M3 India Newsdesk May 09, 2019


The Endocrine Society recently released its clinical practice guideline for the treatment of diabetes in adults aged 65 or older. The guideline focuses on simplifying medication regimens and tailoring glycaemic targets in older adults with diabetes and cognitive impairment to improve compliance and prevent treatment-related complications.

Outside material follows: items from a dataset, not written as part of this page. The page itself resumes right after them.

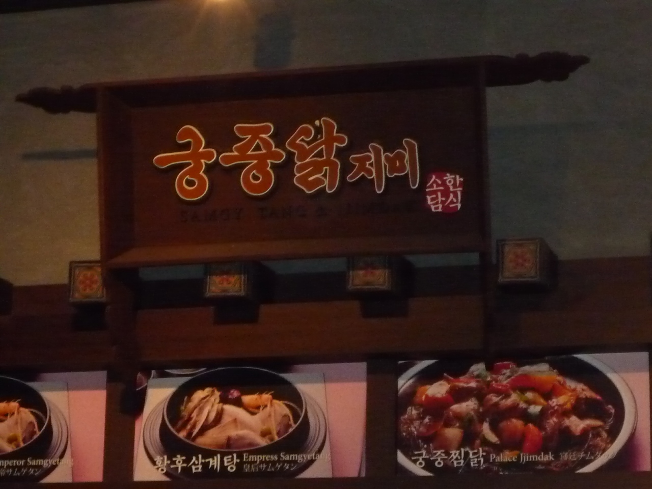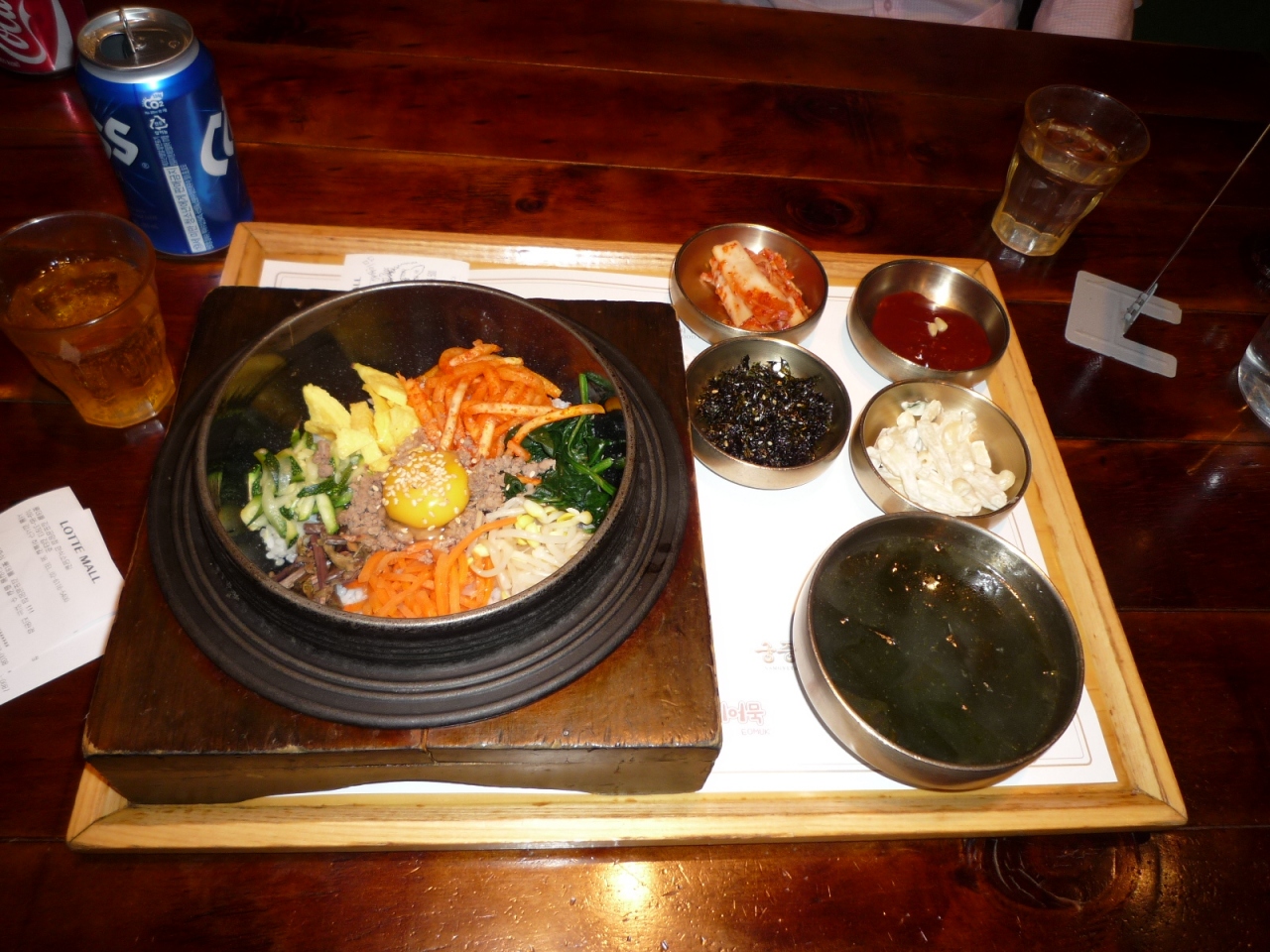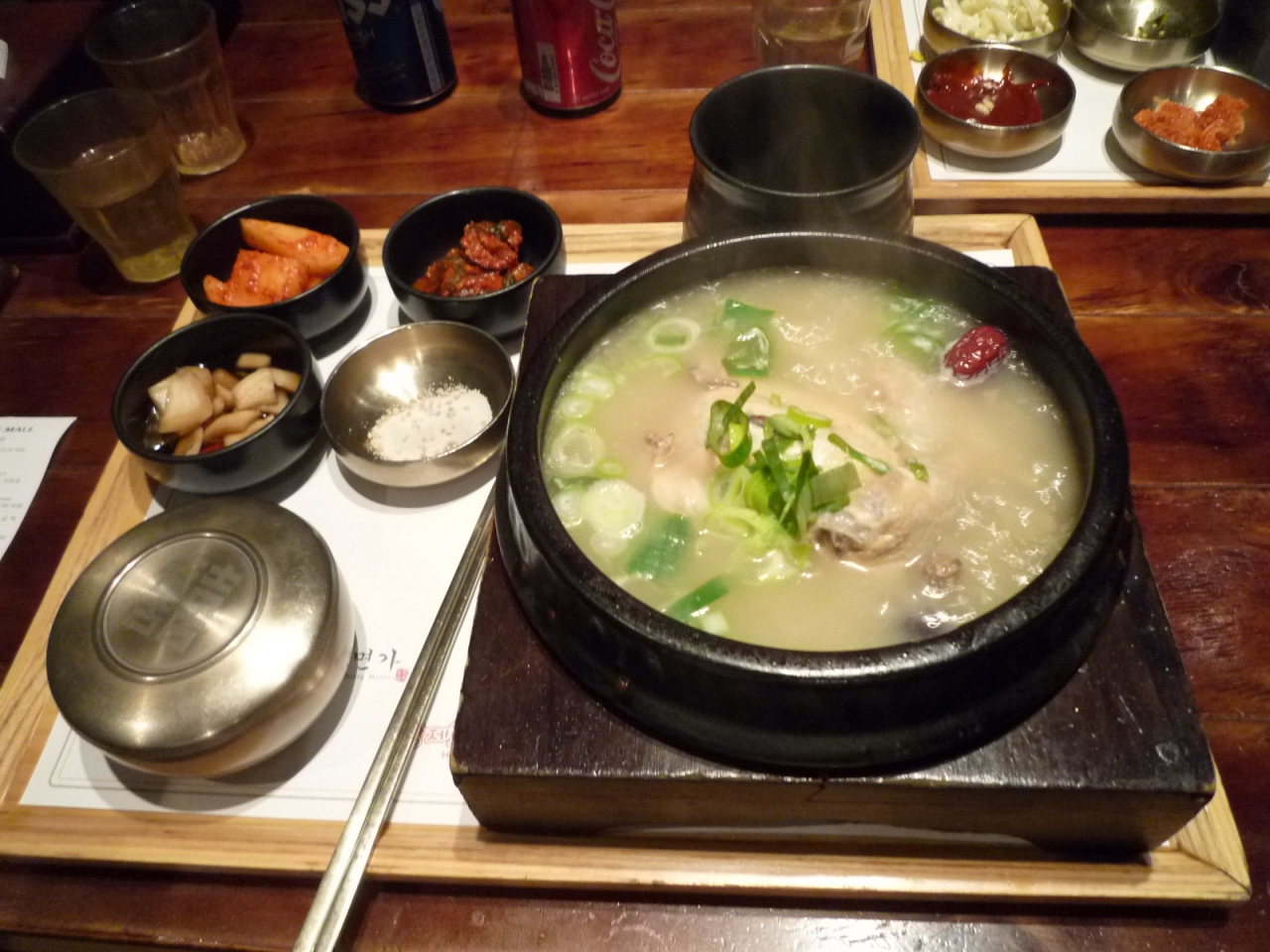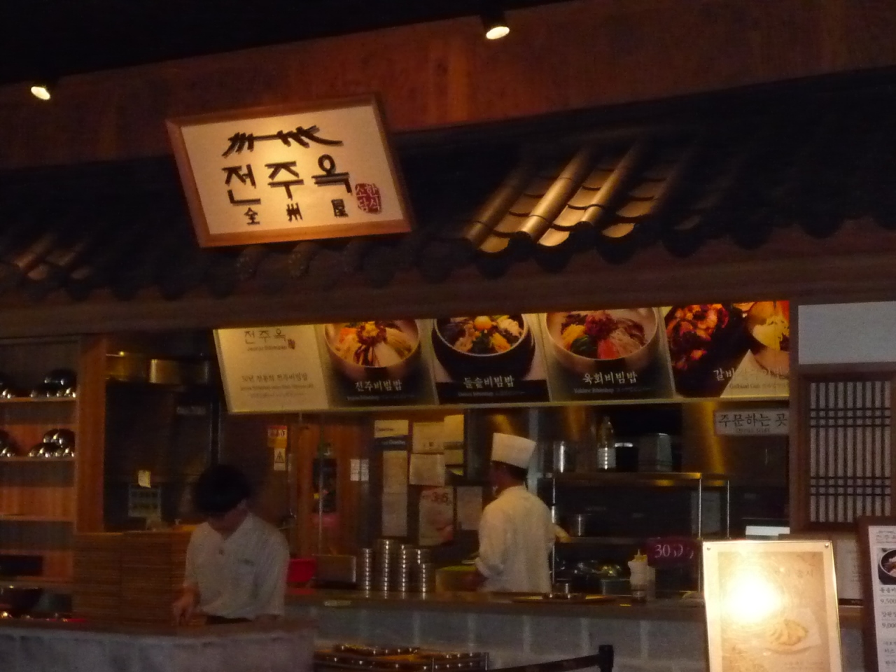 ロッテモールの中の韓国料理のフードコートが集まったようなシステムの店です。コーナーによって別々に会計になります。味の方は普通でしょうか。市内で食べると中途半端な時間ならそれぞれ違う物も食べることもできますし、ここで食べるのもありかなと思いました。サムゲタンは鳥の中にはもち米が少ししか入っていませんが、ご飯が別に付いていて以外と食べやすく日本の韓国料理屋で食べるよりは美味しかったです。付け合せは少なめでした。
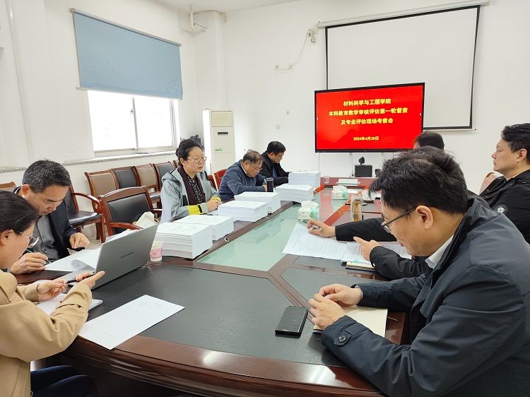 审核评估督查小组在材料学院第一会议室开展本科教育教学审核评估第一轮督查工作。审核评估督查小组、太阳集团官网全体院领导、专业系负责人、实验中心负责人、党政办公室负责人、教科研办公室负责人、学生工作办公室负责人等近二十人参加督查会议。
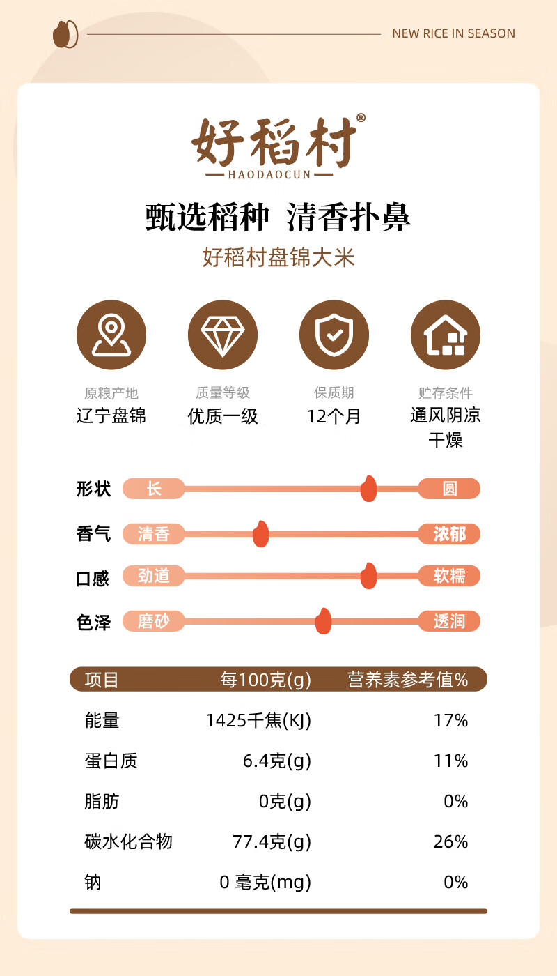 好稻村当年当季新米上市东北大米盘锦大米新米尝鲜 好米尝着买 500g
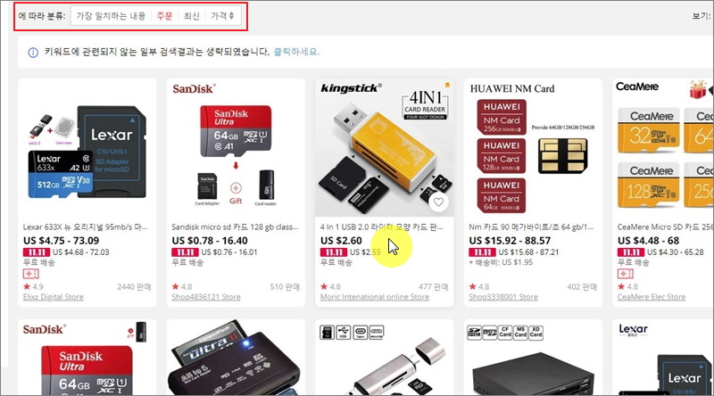 ▼ 요즘에는 알리익스프레스에서 한글로 검색이 가능합니다. sd카드 리더기 제품을 검색해 보았습니다.
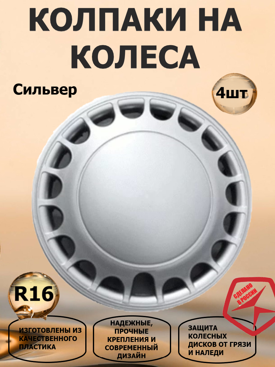 Колпаки на колеса R16 Сильвер, цвет серебристый, 4 штуки в комплекте интересное:
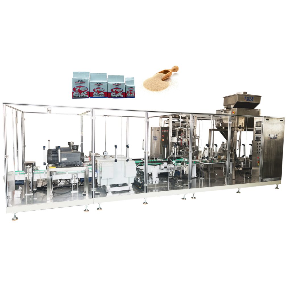 Šī iekārta ietver vienu komplektu ZK3 vakuuma liftu sausā rauga padevei, vienu komplektu ZL520 vertikālo maisu izgatavošanas iepakošanas un aizzīmogošanas mašīnai.vienu komplektu ZLC4-2000 četru kausu svēršanas mašīnu, vienu komplektu ZL-100V2 dubultās vakuuma kameras iepakošanas mašīnu. Šo mašīnu plaši izmanto pārtikas aptieku ķīmisko vielu un citu produktu iepakošanai pulverī vai mazās granulās. Tāpat kā kafijas pulveris, rauga pulvera kviešu milti un tā tālāk. Visa iekārta tiek izmantota iekšpuses sūknēšanai uz vakuuma produktu. Vakuuma pakāpe ir ļoti augsta, un iepakošanas ātrums ir ļoti augsts, var sasniegt 30 maisiņus minūtē. Gatavajam produktam ir ilgs glabāšanas laiks un skaista forma.
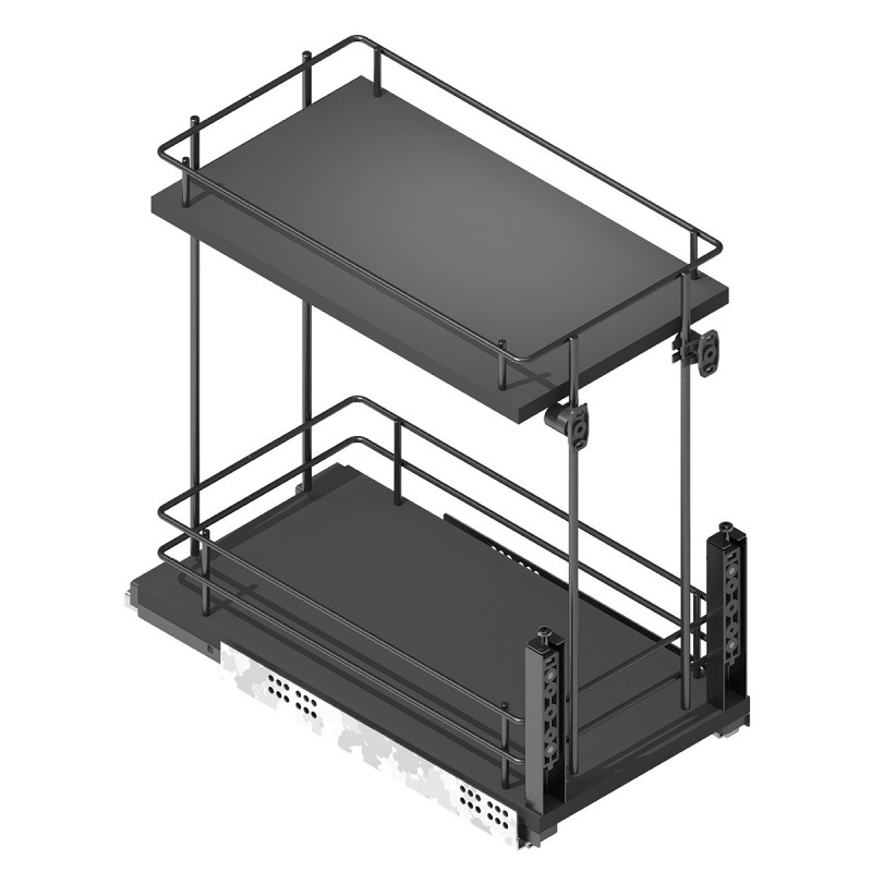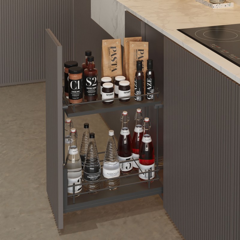 Módulo botellero extraíble Compact en acabado antracita para muebles de cocina, ideal para organizar botellas, botes, especias y pequeños recipientes de forma práctica y accesible.
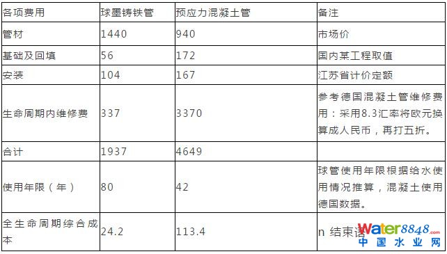DN1000球墨鑄鐵管與預(yù)應(yīng)力混凝土管的綜合成本分析 單位:元/米
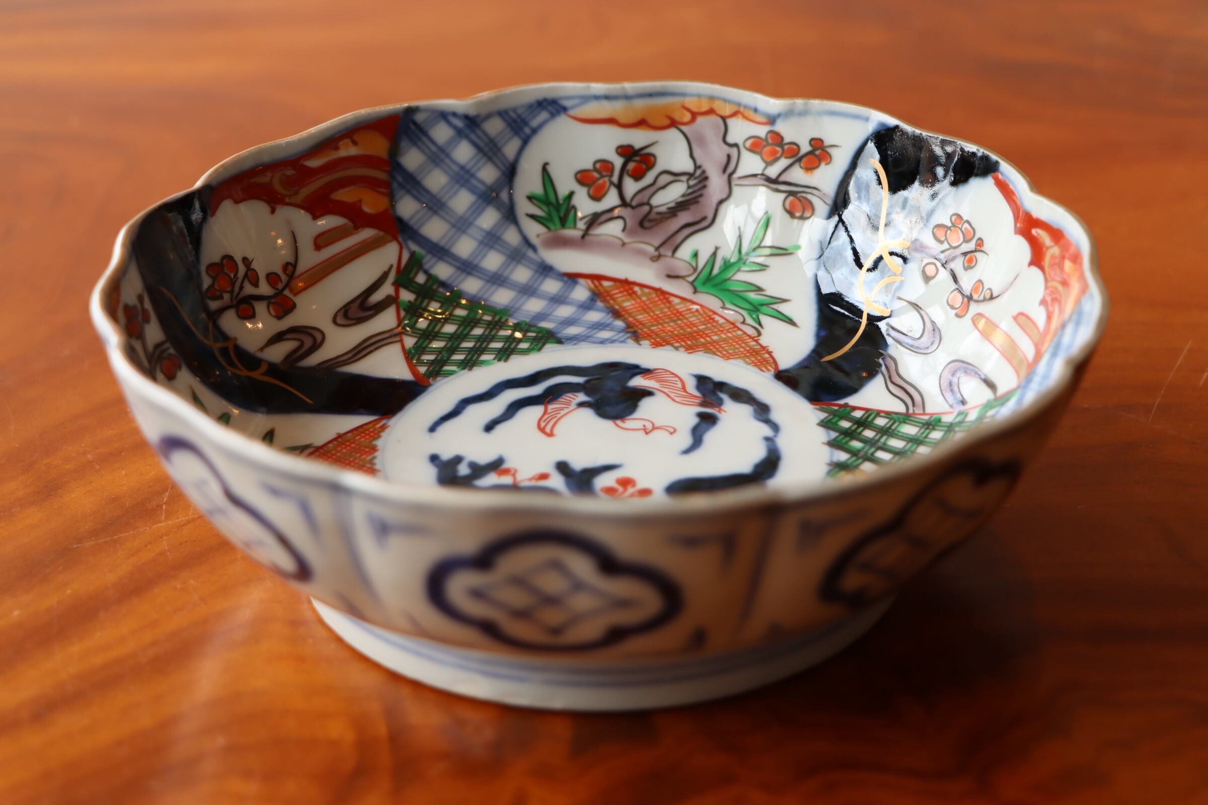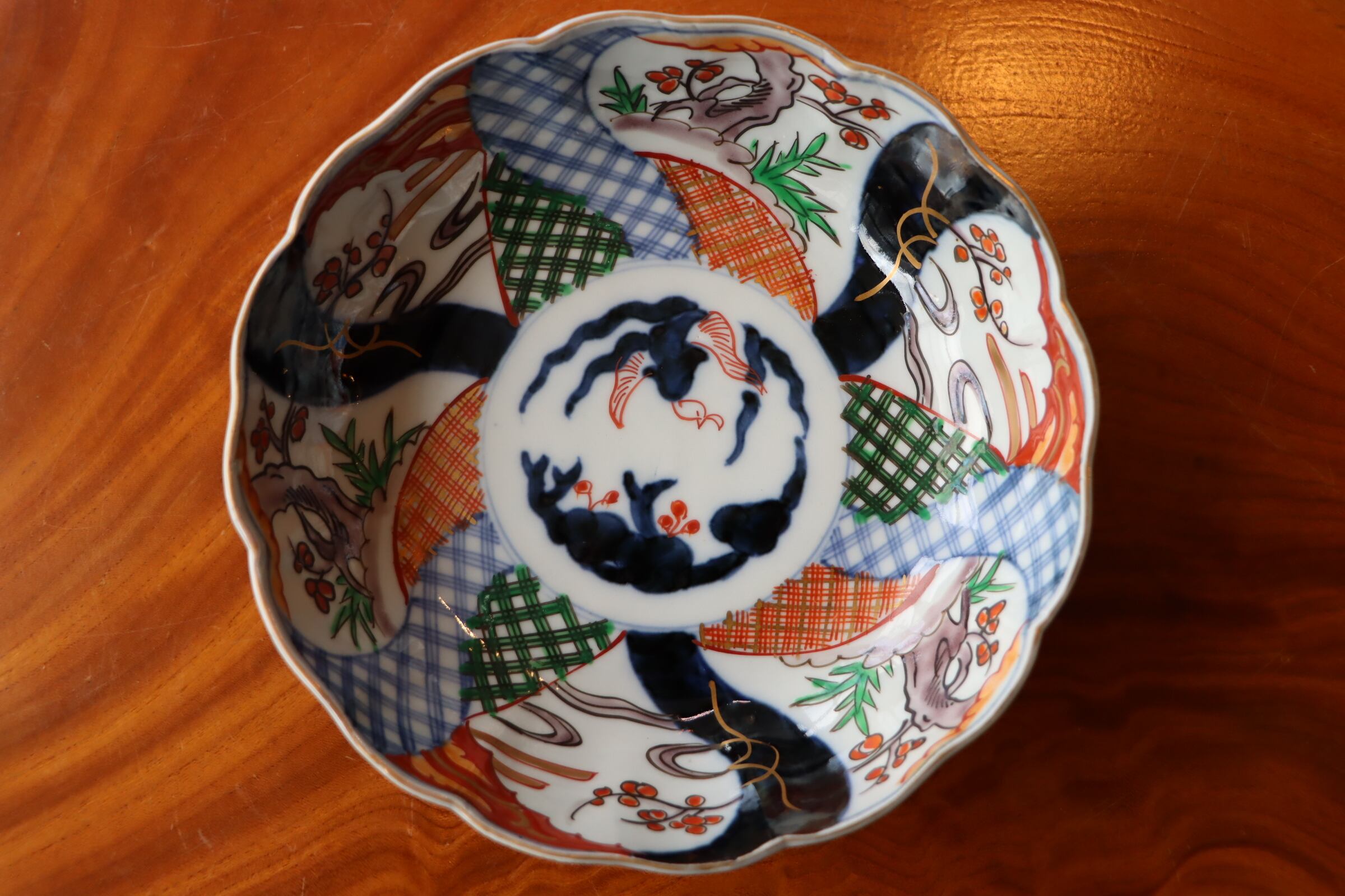 伊万里焼 色絵 鳳凰捻り文 大振り膾皿

Diabetes is a growing public health concern and age is a major contributor to the diabetes epidemic. Diabetes in the elderly is linked to higher mortality and reduced functional status. The presence of various concomitant diseases in the elderly severely affects diabetes self-management in this population.

The Endocrine Society Clinical Practice Guideline for diabetes in the elderly addresses treatment strategies that take into consideration the overall health and quality of life of older adults with diabetes, defined as ages 65 or older.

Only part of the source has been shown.